# my iPilot review



## TeaSea (Sep 28, 2013)

I was a bit apprehensive about whether I would like the iPilot on my trolling motor. After 2 days on the water my apprehension has evaporated. The 'anchor' function alone makes it a good deal. Not having to stay connected to a foot control on the bow added to the experience. Took all of 2 minutes to get comfortable with the hand control. And -- added bonus -- I LOVE the ability to record a track and then fish it back from either end resulting uninterrupted fishing and no tweaking the trolling motor path. I give it a big thumbs up :thumbsup:


----------



## tkh329 (Mar 14, 2012)

Welcome to the club! Pretty soon you won't fish without it!


----------



## SLICK75 (Sep 4, 2010)

I was looking into them a couple of months ago, possibly something to save up for to go on my new boat. After reading through a a few reviews on the BPS site I had about decided to save my money so maybe some of you can help change my mind again.

Several of the reviews I read talked about the head going nuts and spinning out of control resulting in wires being pulled loose and generally trashing a brand new motor. Any idea on what could cause that? Is there some kind of set up that someone couldve FUBARed and just blamed on the motor?

I also saw reviews that talked about computer boards going on the fritz. Some talked about it on the first use, others seemed to take time before it happened. Again, is there some kind of user induced cause for that or could it be that there is a genuine issue? 

What about storage? Could it be that these problems are being caused by owners not having a covered storage area resulting in the trolling motor being left unprotected in the elements? I currently dont have a shelter for my boat, its something thats on my list to do over the next month or two when funds permit but right now my best 'shelter' is a fitted cover that I put on it when its going to be a while between uses. Definitely not going to drop the money on an ipilot until that is taken care of.


----------



## TeaSea (Sep 28, 2013)

To quote Sgt Schultz: "I know nothing" about any of those issues. Some computers crash. Some cars are lemons. I had a tv quit working for no good reason once. Go figure. If you are uncomfortable buying one then you shouldn't. I may back on here in 2 months btchn up a storm if mine goes bad but for now I am a fan.


----------



## lsucole (May 7, 2009)

I have had my I Pilot for about 18 mos. with no issues. It is worth it just for the anchor lock. I have both the foot pedal and the remote for mine. Love it !


----------



## SLICK75 (Sep 4, 2010)

TeaSea said:


> To quote Sgt Schultz: "I know nothing" about any of those issues. Some computers crash. Some cars are lemons. I had a tv quit working for no good reason once. Go figure. If you are uncomfortable buying one then you shouldn't. I may back on here in 2 months btchn up a storm if mine goes bad but for now I am a fan.

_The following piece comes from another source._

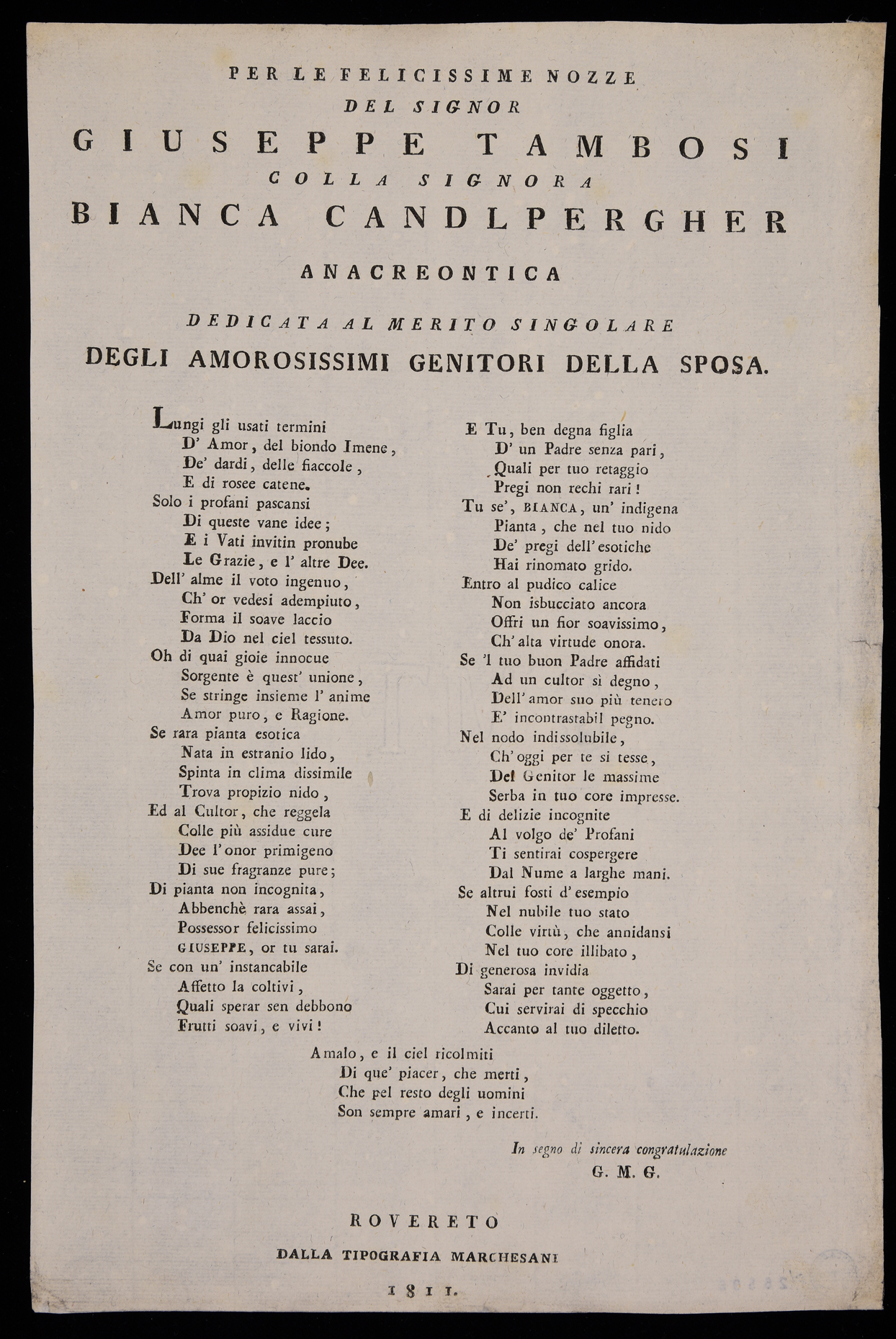 | Per le felicissime nozze del signor Giuseppe Tambosi colla signora Bianca Candlpergher, anacreontica dedicata al merito singolare degli amorosissimi genitori della sposa |

This has been one of the things thats been bugging me actually. 

Reading reviews on websites are actually kind of misleading. In general the only people who find the time to write a review for the most part are those that feel like theyve either gotten one hell of a deal or a lemon, and most of the time its the lemon victims. But I dont want to just blindly blow those bad reviews off. Thats why Im glad this thread popped up, get a better feel for the average persons experience.


----------



## TeaSea (Sep 28, 2013)

SLICK75 said:


> This has been one of the things thats been bugging me actually.
> 
> Reading reviews on websites are actually kind of misleading. In general the only people who find the time to write a review for the most part are those that feel like theyve either gotten one hell of a deal or a lemon, and most of the time its the lemon victims. But I dont want to just blindly blow those bad reviews off. Thats why Im glad this thread popped up, get a better feel for the average persons experience.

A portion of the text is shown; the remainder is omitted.